The planning stage of your home loan is extremely important. This is where you will determine what kind of home you might want, the price range you can afford, and how much down payment you need to save up to make.
One big choice you face in the planning process? Decisions about issues related to long-term occupancy of the home, whether you plan to sell within a short or long amount of time and how you should arrange your financing to accommodate those needs. What kind of arrangements?
Some borrowers don’t apply for a fixed-rate mortgage. They know they are not keeping the home for the long-term and choose to take advantage of lower interest rates offered in the introductory period of an FHA Adjustable Rate Mortgage (ARM) instead of applying for a fixed-rate mortgage.
Doing this in the most effective way possible means having a strategy to deal with the end of the introductory rate and the beginning of the interest rate adjustments on the ARM.

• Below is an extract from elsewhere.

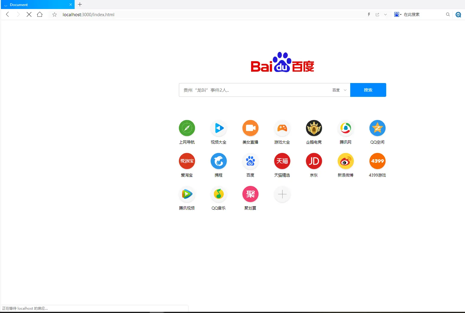 保存后,通过 node index.js 重启服务器,然后在页面中打开http://localhost:3000/index.html,

But if you don’t have a plan to deal with those rate adjustments, a fixed-rate mortgage may be a much safer bet. Adjustable-rate mortgages should be viewed as a tool to help you achieve specific goals for the loan.
Down Payment Issues
When borrowers don’t know how much their down payment might be, it’s difficult to realistically plan and save for it. Shop around for participating FHA lenders and get an idea of much down payment you will be required to make (3.5%, 10%, 20%?) which means you will need to set a price range based on what you can afford to buy.
One important thing to keep in mind about saving up for your down payment? The FHA loan rules which state that your down payment and your other closing costs are entirely separate. Your lender cannot consider your other closing cost payments as part of your down payment.
Some borrowers want to pay more than the minimum required down–they want to pay less over the lifetime of the mortgage and reducing the principal balance is the way to do that. The lower your principal balance, the less you pay in interest.
How much are you willing to overpay on the down payment (with the reduced principal in mind) based on your financial needs and goals?
Decide On The Property TypeYou Want To Finance
You will find different FHA single-family home loans for different property types. A house in the ‘burbs requires a different loan than a construction loan, or for the purchase of a condo unit.
Some of these home loan options require more time than others to process, and some may require special consideration by the lender depending on circumstances. A construction loan has different requirements than the home loan you need to buy and repair a home.
Some things are consistent no matter what FHA home loan product you choose to purchase a home with; the down payment terms and interest rate rules under the FHA program don’t generally don’t change just because you choose a condo loan over a typical suburban home.
Lender requirements may apply, however, and you will need to know what those requirements may include.